TASK INPUTS:
.....

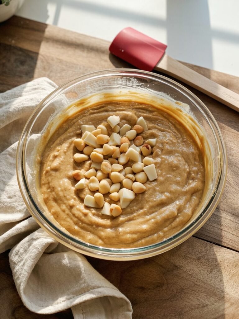 - Add chopped white chocolate and toasted macadamia nuts. Fold gently to distribute. Visual cue: Mix-ins should be evenly spaced, not streaky.
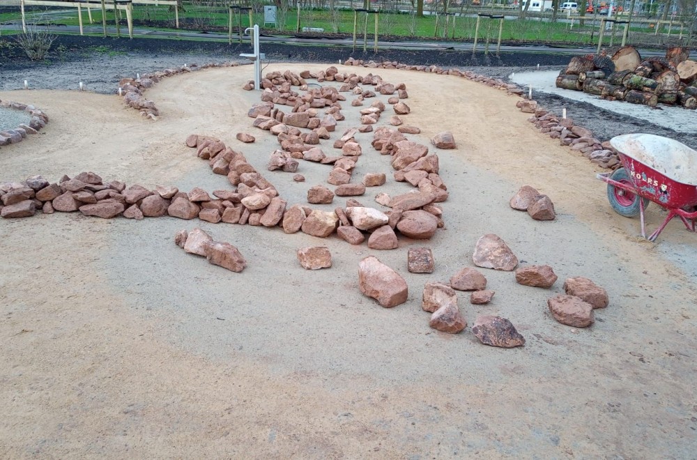 Forêt de feuilles : KoTRec (BIO) et pavés de Porphyre bois inox, roue tracteur (option)
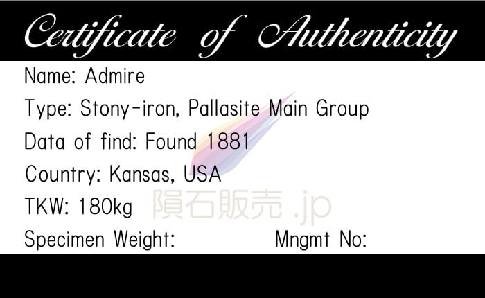 当初の総質量は約180kgでしたが発見された総質量は1トンを超えており、多くの破片が発見されています。2010年代にアメリカで放映された隕石ハンターが主演の「MeteoriteMen」というドキュメンタリー番組で100kgを超える隕石が発見され話題となりました。ニューメキシコ大学で29kg、米国国立博物館で15kgが保管されています。カッティングした直後のものは非常に素晴らしいパラサイトなのですが不安定で防錆処理をしていないと非常に錆びやすい傾向にあります。
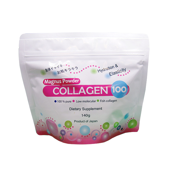 マグナスのコラーゲンパウダーは、純度100%の超低分子フィッシュコラーゲンペプチド(吸収しやすくしたもの)で、体内ですばやく吸収されます。コラーゲンは全身を潤すと共に、しなやかな体づくりに重要な役割を担っています。
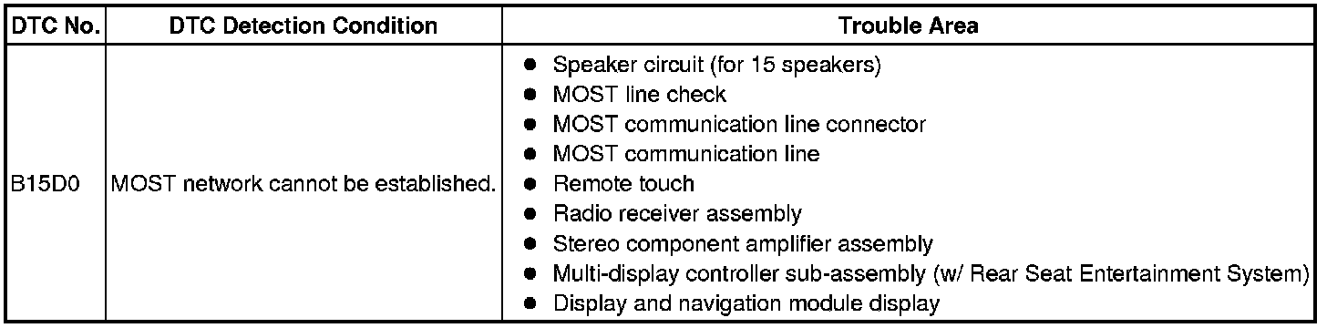 * When the stereo component amplifier assembly stops operating and a malfunction occurs in the navigation system due to a short in a speaker circuit, this DTC will be stored. (for 15 speakers)
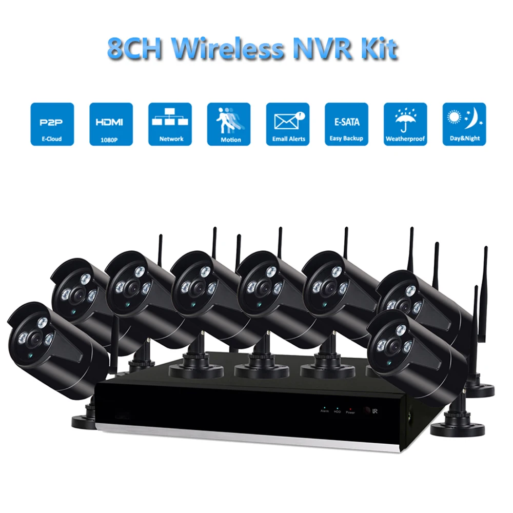 PUAroom 8CH IP Full HD 1080P network surveillance camera with IR-Cut H.264 NVR Best Wireless CCTV C
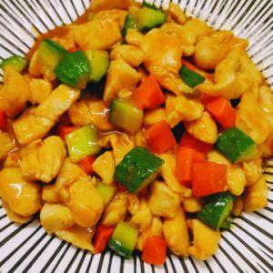 放入鸡胸丁和灵魂酱汁,炒熟,大火收个汁
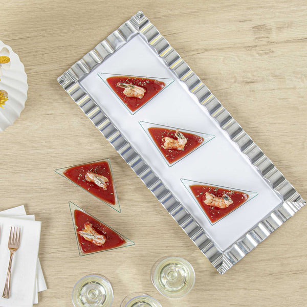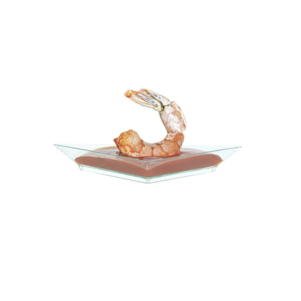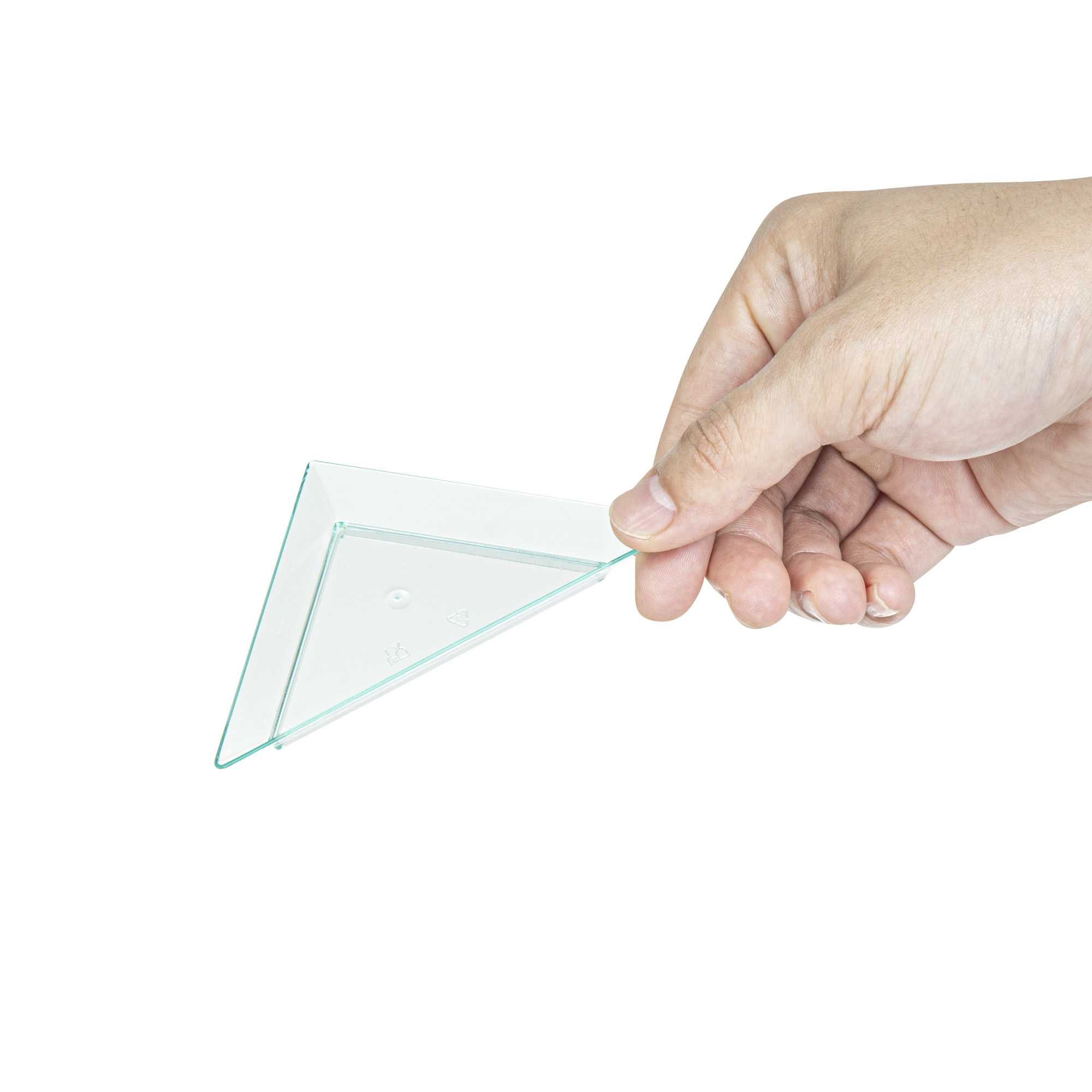 Elevate your hors d'oeuvres with our Mini Serve Seagreen Plastic Mini Triangolo Appetizer Plates. Manufactured from premium PS plastic, these mini plates exhibit durability and avert warping while displaying your culinary masterpieces. The captivating seagreen finish adorns these triangolo plates, amplifying the presentation of scrumptious delights. Designed for cold dishes, these mini plates seamlessly cater to a multitude of chilled appetizers and frosty desserts. These seagreen plates can be effortlessly disposed of, ensuring a seamless cleanup process. With dimensions of 4 inches in length by 2 inches in width, these disposable mini plates allow for picture-perfect presentations of gourmet eats. Sold in a 100 count box.
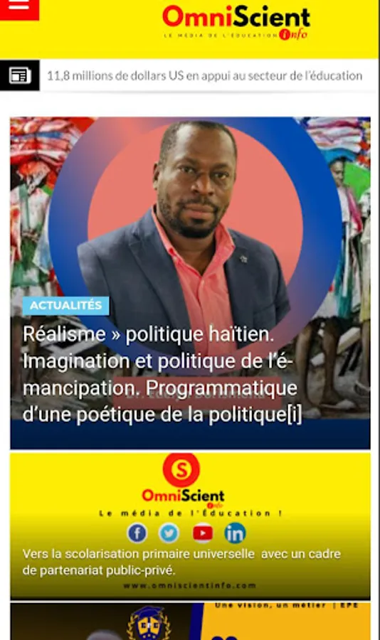 OmniScient Info, est un média en ligne thématique diffusant les actualités du monde l’éducation, de l’enseignement, de la recherche et de la culture en Haïti.
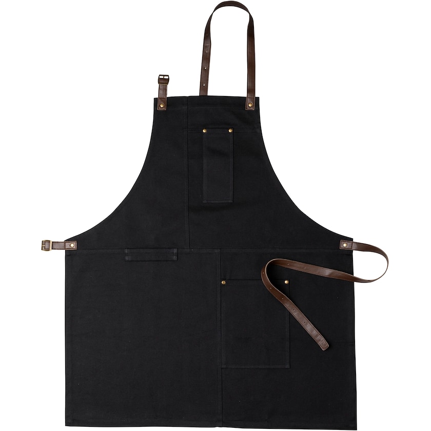 Tyylikäs puuvillaessu. Essussa on keinonahkaiset remmit ja kaksi taskua.

.....

PROBLEM:
Apart from the pictures, write every entry out again exactly.

RESULT OF THE TASK:
 - Add chopped white chocolate and toasted macadamia nuts. Fold gently to distribute. Visual cue: Mix-ins should be evenly spaced, not streaky.
 Forêt de feuilles : KoTRec (BIO) et pavés de Porphyre bois inox, roue tracteur (option)
 当初の総質量は約180kgでしたが発見された総質量は1トンを超えており、多くの破片が発見されています。2010年代にアメリカで放映された隕石ハンターが主演の「MeteoriteMen」というドキュメンタリー番組で100kgを超える隕石が発見され話題となりました。ニューメキシコ大学で29kg、米国国立博物館で15kgが保管されています。カッティングした直後のものは非常に素晴らしいパラサイトなのですが不安定で防錆処理をしていないと非常に錆びやすい傾向にあります。
 マグナスのコラーゲンパウダーは、純度100%の超低分子フィッシュコラーゲンペプチド(吸収しやすくしたもの)で、体内ですばやく吸収されます。コラーゲンは全身を潤すと共に、しなやかな体づくりに重要な役割を担っています。
 * When the stereo component amplifier assembly stops operating and a malfunction occurs in the navigation system due to a short in a speaker circuit, this DTC will be stored. (for 15 speakers)
 PUAroom 8CH IP Full HD 1080P network surveillance camera with IR-Cut H.264 NVR Best Wireless CCTV C
 放入鸡胸丁和灵魂酱汁,炒熟,大火收个汁
 Elevate your hors d'oeuvres with our Mini Serve Seagreen Plastic Mini Triangolo Appetizer Plates. Manufactured from premium PS plastic, these mini plates exhibit durability and avert warping while displaying your culinary masterpieces. The captivating seagreen finish adorns these triangolo plates, amplifying the presentation of scrumptious delights. Designed for cold dishes, these mini plates seamlessly cater to a multitude of chilled appetizers and frosty desserts. These seagreen plates can be effortlessly disposed of, ensuring a seamless cleanup process. With dimensions of 4 inches in length by 2 inches in width, these disposable mini plates allow for picture-perfect presentations of gourmet eats. Sold in a 100 count box.
 OmniScient Info, est un média en ligne thématique diffusant les actualités du monde l’éducation, de l’enseignement, de la recherche et de la culture en Haïti.
 Tyylikäs puuvillaessu. Essussa on keinonahkaiset remmit ja kaksi taskua.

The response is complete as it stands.